1. I fatti: la morte del paziente


Il figlio ed erede di una paziente di un ospedale conveniva in giudizio la struttura sanitaria dove era stata ricoverata la madre, che successivamente era morta dopo l’operazione subita, chiedendo il risarcimento dei danni subiti dalla congiunta.
In particolare, l’attore sosteneva che la madre si era presentata al Pronto Soccorso dell’ospedale convenuto a causa della nausea e del vomito persistenti. A seguito degli esami eseguiti presso il Pronto Soccorso, la paziente veniva ricoverata presso il reparto di Nefrologia, dove veniva riscontrata la presenza di un’ernia inguinale destra e alvo tendenzialmente stitico. Infine, quattro giorni dopo l’accesso al Pronto soccorso, a seguito di un fortissimo dolore addominale, veniva eseguita una radiografia addominale sulla paziente da cui emergeva la perforazione dell’intestino. Conseguentemente la paziente veniva trasferita nel reparto di chirurgia, dove veniva riscontrata una ernia crurale con rottura intestinale, e quindi sottoposta ad un intervento chirurgico, che però non evitava l’evento nefasto.

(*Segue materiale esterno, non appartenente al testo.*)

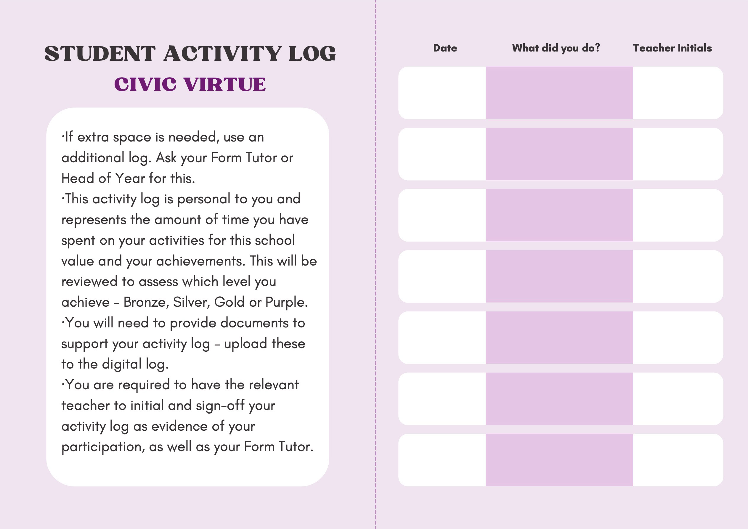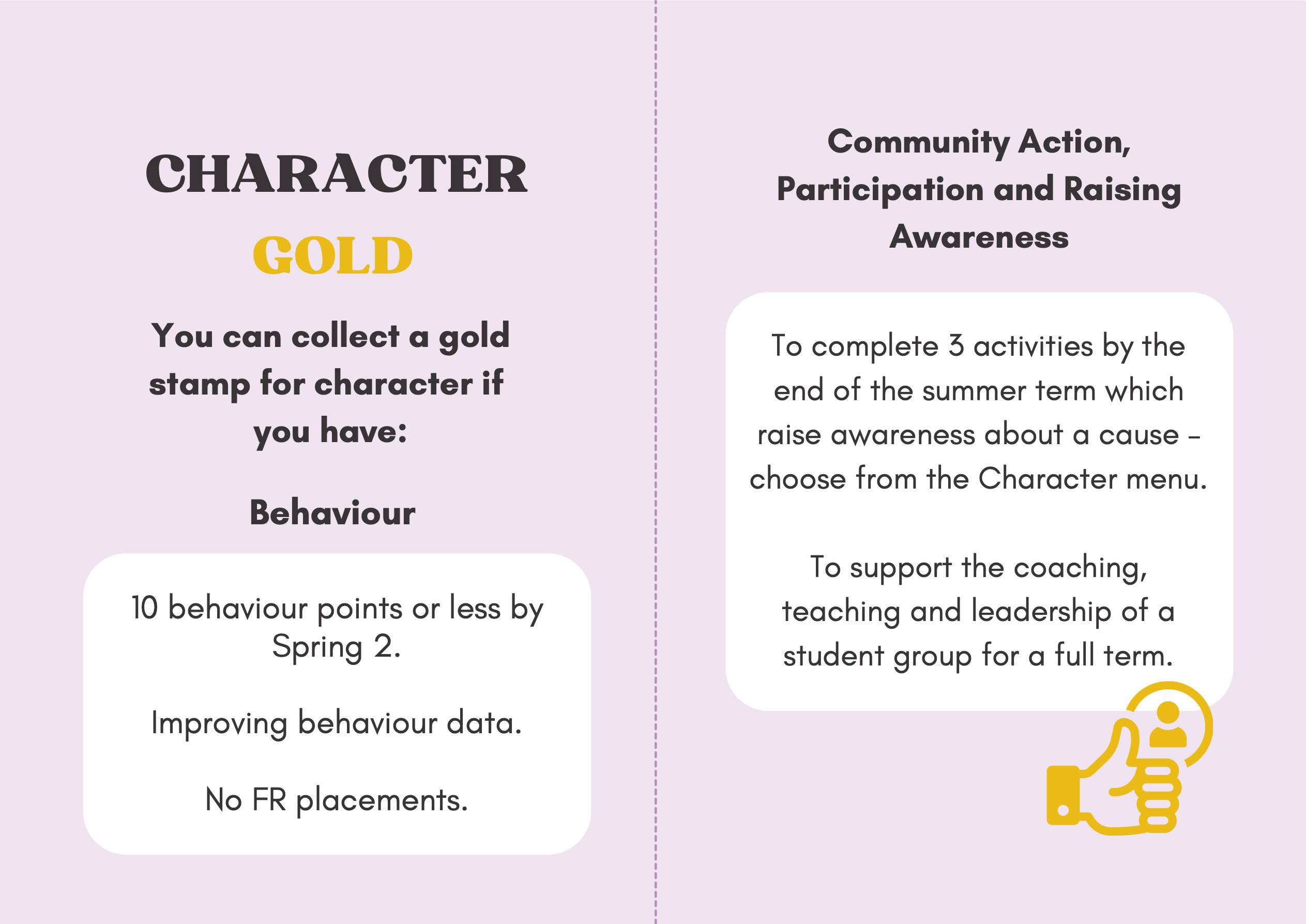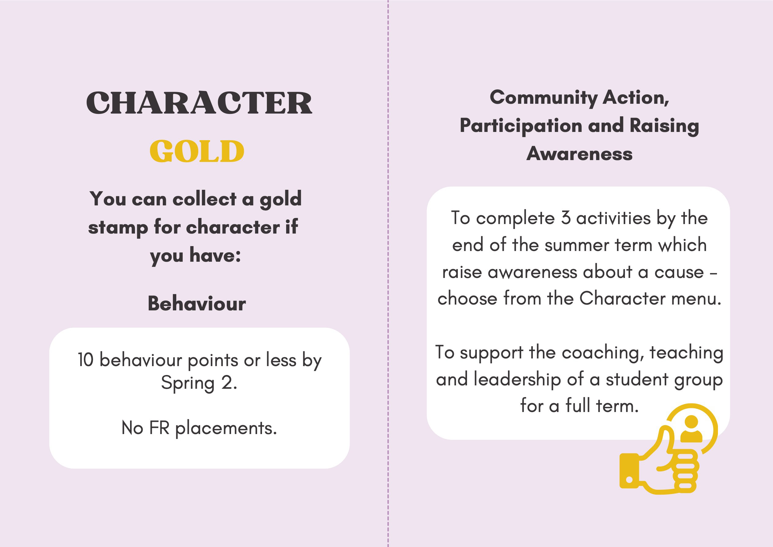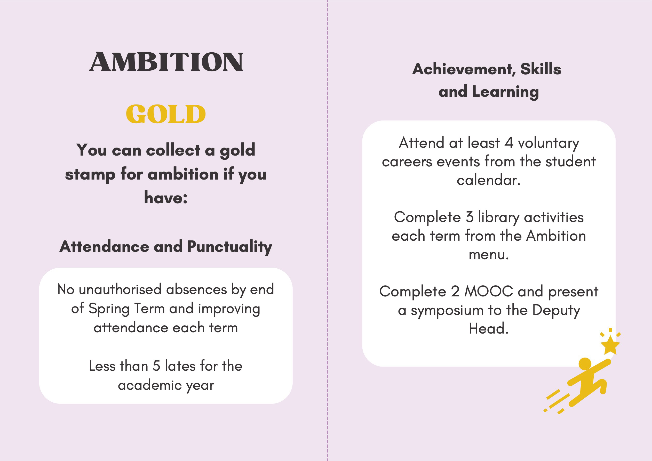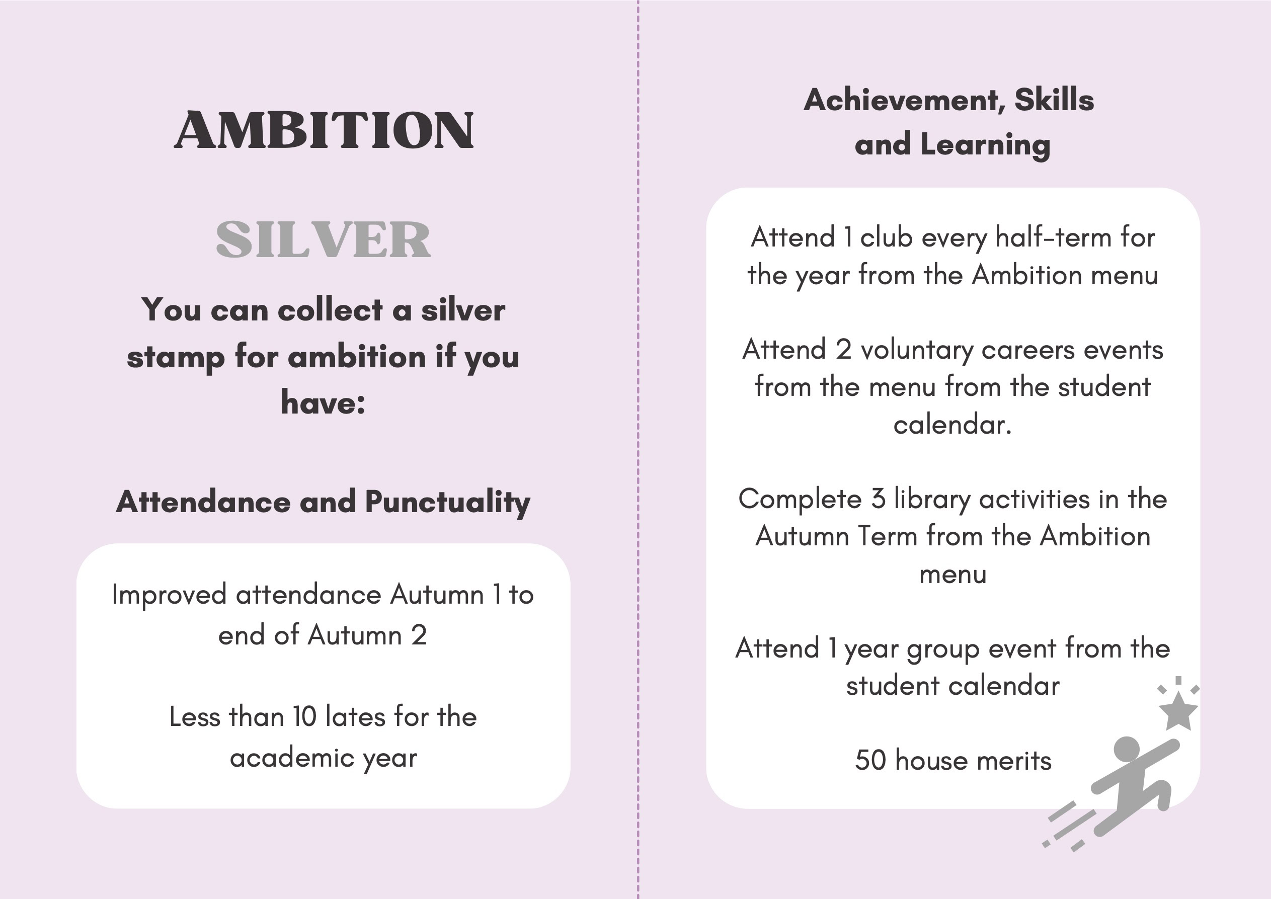 To recognise and celebrate student achievements, the Personal Development Passport is linked to our award system. Students can earn awards at four levels - Bronze, Silver, Gold, and Purple - across three core values: Ambition, Character, and Civic Virtue. Awards are presented at termly celebrations, acknowledging students’ dedication and fostering a culture of active participation.

Secondo l’attore, la morte della paziente era attribuibile all’operato negligente ed imperito dei sanitari dei vari reparti dell’ospedale dove la madre era via via passata nei 5 giorni in cui era stata ricoverata nella struttura sanitaria.
In particolare, l’attore riteneva errata la diagnosi del Pronto Soccorso e quindi immotivato ed ingiustificato il ricovero presso il reparto di nefrologia (in quanto i sintomi e i risultati delle analisi non deponevano per un problema renale, ma piuttosto per una patologia intestinale). In secondo luogo, riteneva errata anche la diagnosi del reparto di nefrologia, che aveva confuso l’ernia crurale (da cui era affetta la paziente) con una ernia inguinale, senza tenere conto dei risultati delle radiografie toraciche eseguite due giorni dopo l’ingresso della paziente in ospedale. In conclusione, secondo l’attore, anche se l’intervento chirurgico era stato eseguito correttamente, la morte della madre era dipesa dai precedenti errori dei sanitari che avevano – con le errate diagnosi – permesso il protrarsi dell’occlusione per alcuni giorni fino alla rottura dell’intestino.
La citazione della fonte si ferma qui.